5. Check for Data Issues

  • Are there outliers or unphysiological values in your data?
  • Are there very few observations at late time points, making quantile estimation unstable?

6. Plot and Interpret

After running the VPC, use vpc_plot to visualize the results:

using Pumas, AlgebraOfGraphics, CairoMakie

plt = vpc_plot(vpc_result)

Summary Table

Issue Solution/Check
Negative quantiles Use proportional/combined error model
Poor fit at late times Refine model, check parameter estimates
Outliers/unstable quantiles Adjust bandwidth, clean data
Heterogeneous design Try prediction correction

If you try these suggestions and still see negative quantiles, please provide more details about your model structure and error model.

2 Likes

Hi Vijay,

Thank you for your quick response! I followed your suggestions, but I’m still seeing negative quantiles in the VPC output. To provide better context, here are some details about my model:

Error model: dv ~ @. Normal(cp, sqrt(σ_add^2 + (σ_prop * cp)^2))

My model includes an oral lead-in followed by a long-acting injectable. The observed dataset used for model fitting includes five injections and the extended tail phase.

I noticed the tutorial includes a section on plotting Time After Dose, and I’m wondering if filtering the data by time might improve the VPC. Specifically, the negative quantiles appear toward the tail end of the time period. Would it be more appropriate to generate separate VPCs for the injection and tail phases rather than combining them in a single plot?

Thank you!

Em

Would it be more appropriate to generate separate VPCs for the injection and tail phases rather than combining them in a single plot?

No, I don’t think you should do that. One thing that you can do is to change this error model slightly

dv ~ @. Normal(cp, sqrt(σ_add^2 + (σ_prop * abs(cp))^2)) # notice the `abs()`

Try using this both for fitting and then the vpc call and let us know what happens.

Further, since you said it is over 5 doses, you may want to try covariates = [:tad] in the vpc call so that the plot show concentration vs time after most recent dose rather than time since first dose.

2 Likes

After adjusting the error model to

dv ~ @. Normal(cp, sqrt(σ_add^2 + (σ_prop * abs(cp))^2))

and updating the vpc as shown:

vpc_result = vpc(
  han_tail_model_fit;
  samples = 100,
  observations = [:dv],
  quantiles = (0.1, 0.5, 0.9),
  level = 0.95,
  prediction_correction = true,
  covariates = [:tad],
  bandwidth = 3,
  smooth = true)

I am still getting negative values - for instance, the tenth percentile values at the end of the tail look like this:

            τ     tad      lower        middle      upper
   6 │     0.1   5544.0  -0.298716    -0.200965   -0.10568
   7 │     0.1   7392.0  -0.322153    -0.231757   -0.147717
   8 │     0.1   9408.0  -0.354302    -0.238082   -0.142191

Thank you again for your support!!!

1 Like

Update:

The TAD was a helpful addition to the VPC. However, the negative quantiles persisted after adjustment to the error model. I am trying to figure out if the problem lies within the model or the VPC function itself.

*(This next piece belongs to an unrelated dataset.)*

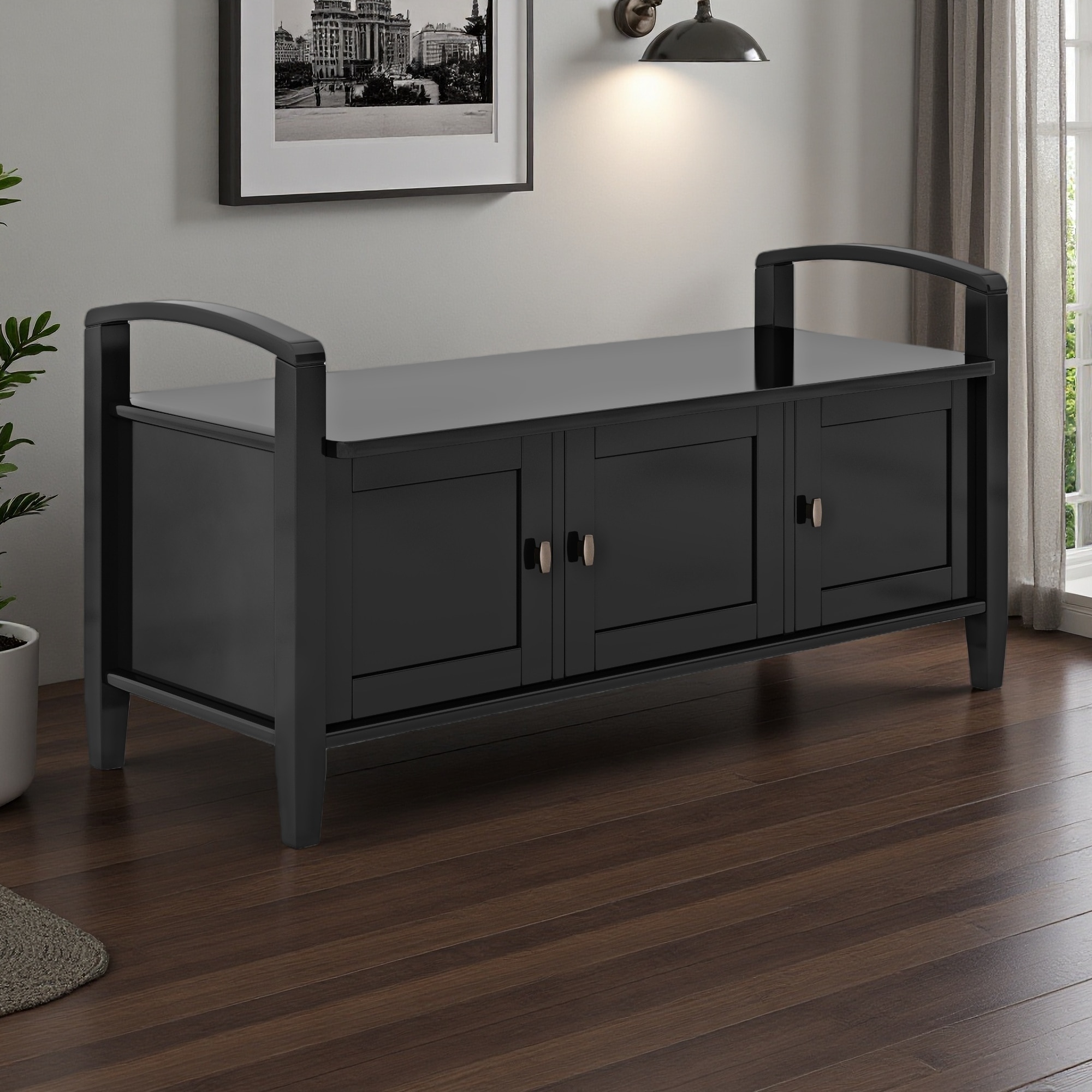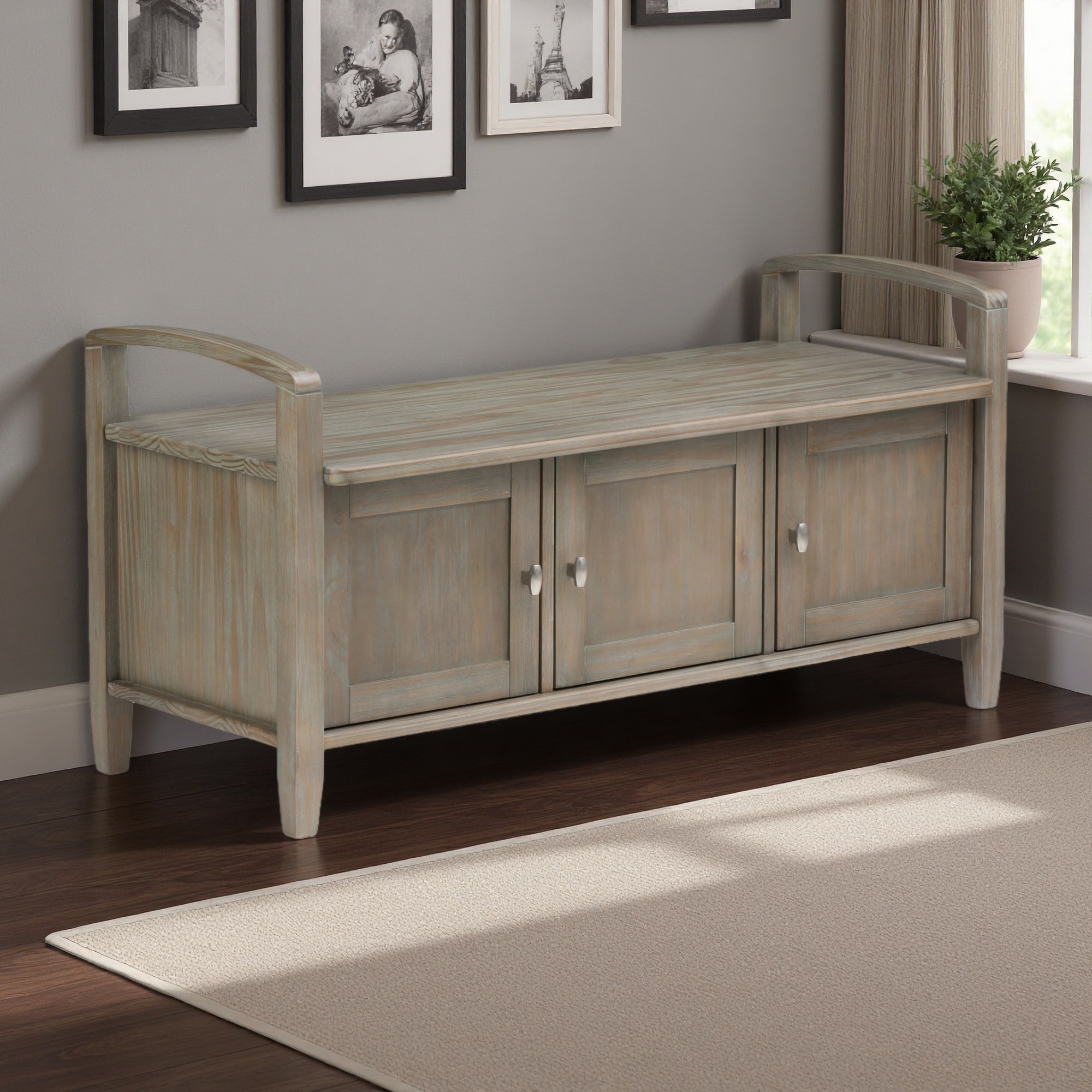 Storage Bench with Doors and Adjustable Shelves

I created a minimal cap (vpc_tad_df.lower .= max.(vpc_tad_df.lower, 0.05), so I could visualize it. The VPC with the set minimum is attached below.

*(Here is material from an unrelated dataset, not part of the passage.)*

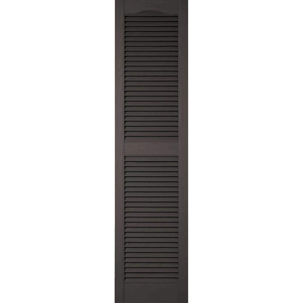 Ekena Millwork 12 in. x 64 in. Lifetime Vinyl Custom Cathedral Top Center Mullion Open Louvered Shutters Pair Tuxedo Grey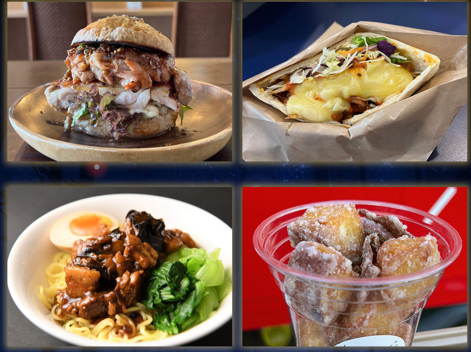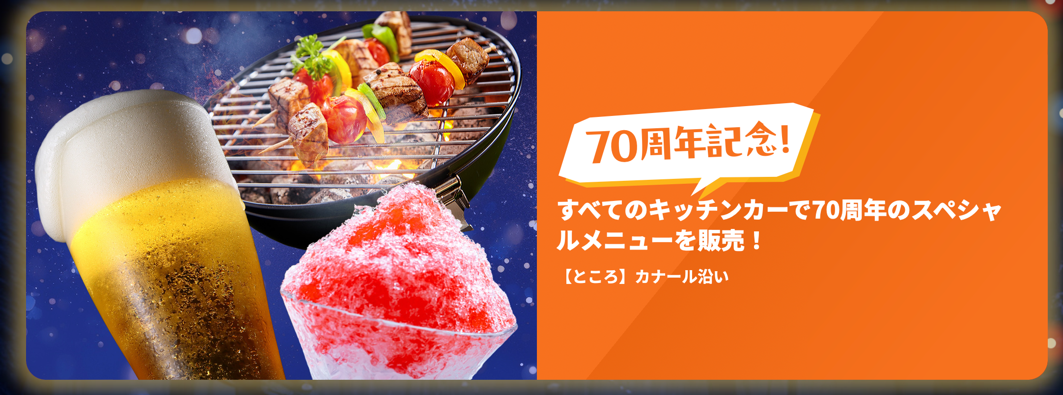 水路沿いの通路にずらっとキッチンカーが並ぶグルメエリア!なんと今年はのんほいパーク70周年特別企画として、全てのキッチンカーで”70周年スペシャルグルメ”がラインナップ!

Any insight would be helpful. Thank you and I look forward to hearing your thoughts!

1 Like

Sorry for the late response, Emily. Can you tell me what is the final estimate of your error model parameters, the proportional and additive parts?

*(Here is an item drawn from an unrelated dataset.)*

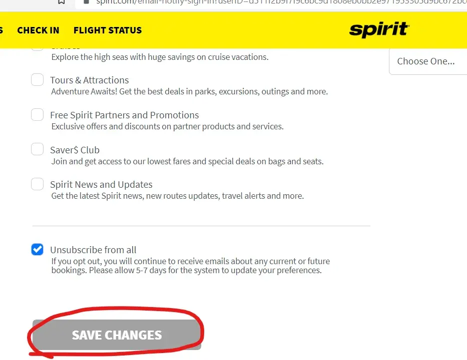 Spirit Airlines does not allow you to unsubscribe from their email list. I started receiving spam emails nearly every day after booking a flight with them. When I navigated to their unsubscribe page through the Unsubscribe link in their email, I found that the page is set up to *prevent* you from actually unsubscribing. The page allows you to check off what type of promotional email you receive from them along with a checkbox to "Unsubscribe from all". However, if you check "Unsubscribe from all", the button to save your changes greys out and does not allow you to proceed. You are forced to choose to stay subscribed to promotional mail. I have attached two (2) images and one (1) video to this complaint: These show my attempts to unsubscribe from all their promotional emails and how the page does not let you proceed unless you choose something.

I think it’s not super surprising that your values could be negative with an additive or a combined error model. You are assuming that your observations follow a central tendency of cp and then there is gaussian noise of sqrt(σ_add^2 + (σ_prop *abs(cp))^2). Of course, if cp is close to 0 the last part goes to zero as well, but you will always have positive probability of negative quantities, even small sigma_add.